:: Data records ::

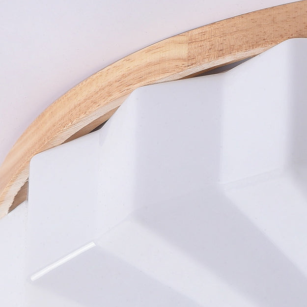 Contemporary Scandinavian Round Stacking Design Solid Wood Acrylic LED Flush Mount Ceiling Light For Bedroom
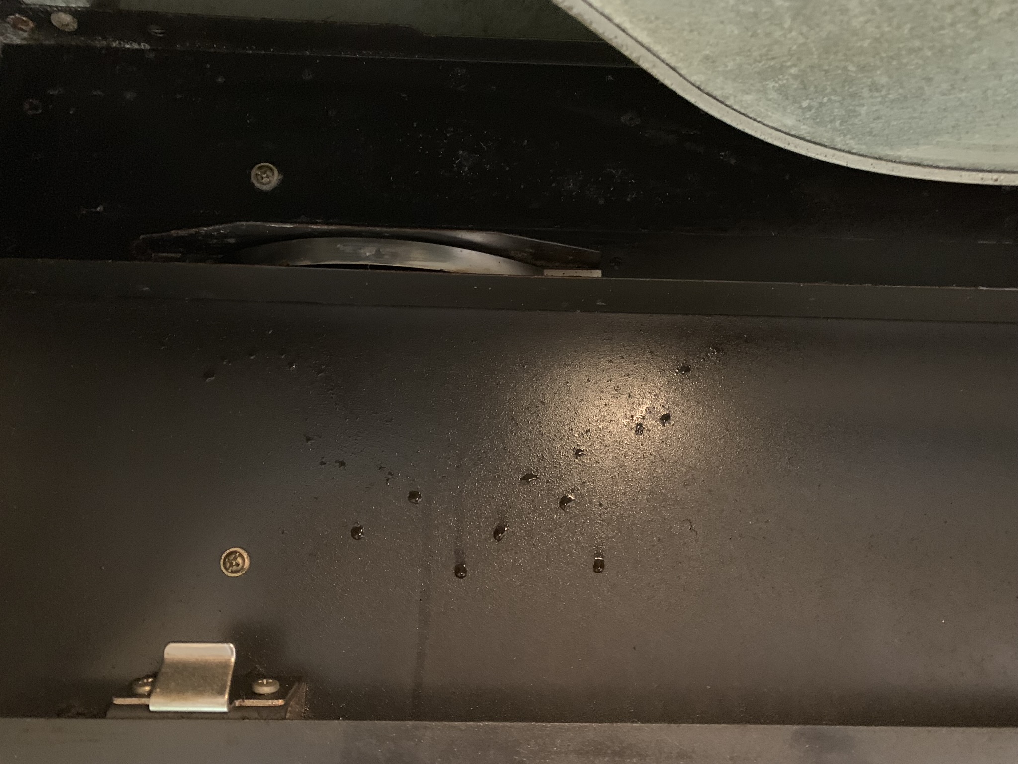 作業にあたって汚れ具合を確認しながら分解してゆきます。まず整流板という一番下についている板を開けて外します。油がだいぶ垂れてきました。それからライトなどの細かいパーツを外しシロッコファンというメインのファンを外します。
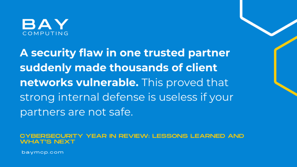 Ransomware stayed in the news, but the attacks became more focused. They often skipped direct entry and attacked weak spots in the supply chain. A security flaw in one trusted partner suddenly made thousands of client networks vulnerable. This proved that strong internal defense is useless if your partners are not safe. (See the detailed analysis by the CISA Annual Threat Report for more context).
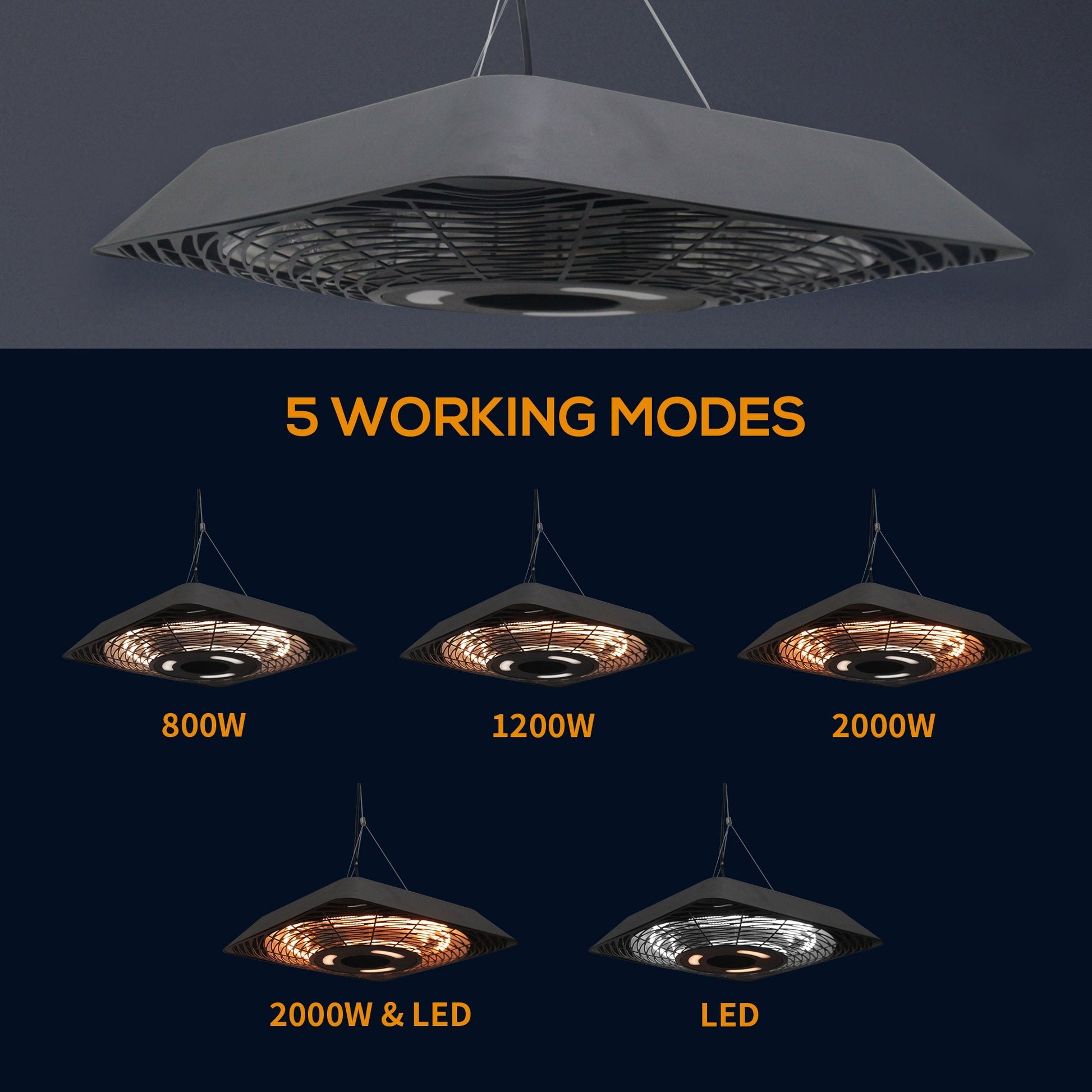 LED LIGHT: Can be used with or without the heating of the garden heater on, perfect for creating a peaceful ambience in your home and garden. 100CM HANGING CHAIN: The electric patio heater is great for placing on your balcony, gazebo
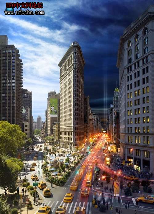 摄影师斯蒂芬-怀克斯拍摄的时代广场 据外媒报道,艾青的名句“因为我对这土地爱得深沉”用于纽约摄影师斯蒂芬-怀克斯身上再合适不过了。为了表达他对纽约城“深深的爱”,怀克斯运用高科技方法将纽约同一地段从早到晚的照片组合到单张照片中。纽约的日夜之景在一张照片中交融形成了奇特的景象。
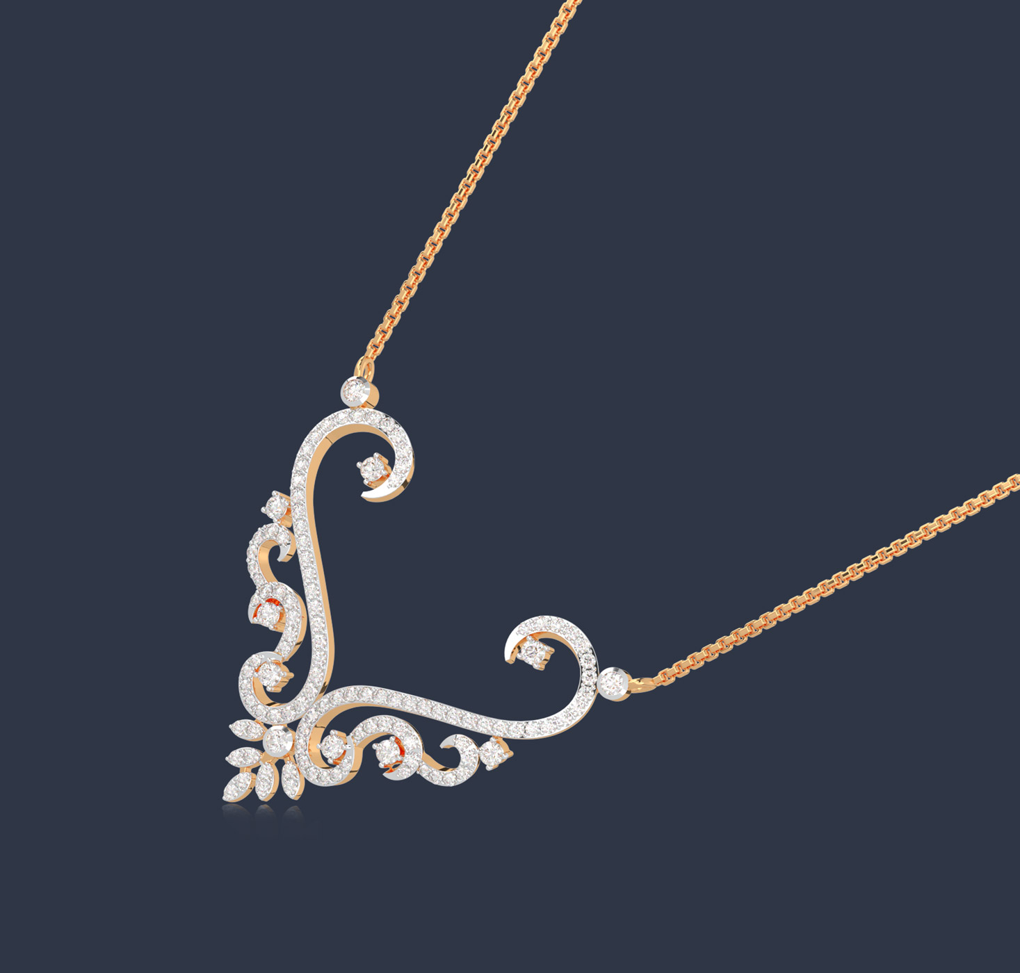 Seal your sacred vow with this stunning diamond mangalsutra pendant, featuring delicate and sparkling leaves .
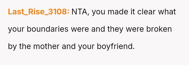 The central conflict arose when both the mother and the boyfriend v***ated these agreed-upon terms, leading the OP to feel betrayed and questioning the enforceability of any future joint decisions.
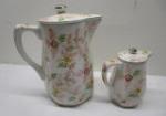 This darling vintage 9" Mikori Ware hand-painted floral coffee/tea pot and large and a smaller pitcher/creamer are in previously owned condition. There is a crack in the lid of the large pitcher. Please preview.
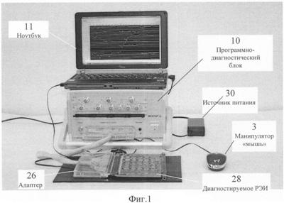 Задачей изобретения является создание переносного программно-диагностического комплекса, пригодного для разработки контрольных (диагностических) тестов, диагностики и дефектации (отбраковки неисправных) РЭИ на основе контрольных тестов, обнаружения мест локализации неисправностей в дефектных РЭИ в интересах замены неисправных элементов и восстановления работоспособности РЭИ непосредственно в местах эксплуатации последних без вызова ремонтных бригад с дорогостоящими мобильными комплексами.

:::

## What is being asked
Please copy the preceding records exactly and omit the images.

## Solution to the exercise
 Contemporary Scandinavian Round Stacking Design Solid Wood Acrylic LED Flush Mount Ceiling Light For Bedroom
 作業にあたって汚れ具合を確認しながら分解してゆきます。まず整流板という一番下についている板を開けて外します。油がだいぶ垂れてきました。それからライトなどの細かいパーツを外しシロッコファンというメインのファンを外します。
 Ransomware stayed in the news, but the attacks became more focused. They often skipped direct entry and attacked weak spots in the supply chain. A security flaw in one trusted partner suddenly made thousands of client networks vulnerable. This proved that strong internal defense is useless if your partners are not safe. (See the detailed analysis by the CISA Annual Threat Report for more context).
 LED LIGHT: Can be used with or without the heating of the garden heater on, perfect for creating a peaceful ambience in your home and garden. 100CM HANGING CHAIN: The electric patio heater is great for placing on your balcony, gazebo
 摄影师斯蒂芬-怀克斯拍摄的时代广场 据外媒报道,艾青的名句“因为我对这土地爱得深沉”用于纽约摄影师斯蒂芬-怀克斯身上再合适不过了。为了表达他对纽约城“深深的爱”,怀克斯运用高科技方法将纽约同一地段从早到晚的照片组合到单张照片中。纽约的日夜之景在一张照片中交融形成了奇特的景象。
 Seal your sacred vow with this stunning diamond mangalsutra pendant, featuring delicate and sparkling leaves .
 The central conflict arose when both the mother and the boyfriend v***ated these agreed-upon terms, leading the OP to feel betrayed and questioning the enforceability of any future joint decisions.
 This darling vintage 9" Mikori Ware hand-painted floral coffee/tea pot and large and a smaller pitcher/creamer are in previously owned condition. There is a crack in the lid of the large pitcher. Please preview.
 Задачей изобретения является создание переносного программно-диагностического комплекса, пригодного для разработки контрольных (диагностических) тестов, диагностики и дефектации (отбраковки неисправных) РЭИ на основе контрольных тестов, обнаружения мест локализации неисправностей в дефектных РЭИ в интересах замены неисправных элементов и восстановления работоспособности РЭИ непосредственно в местах эксплуатации последних без вызова ремонтных бригад с дорогостоящими мобильными комплексами.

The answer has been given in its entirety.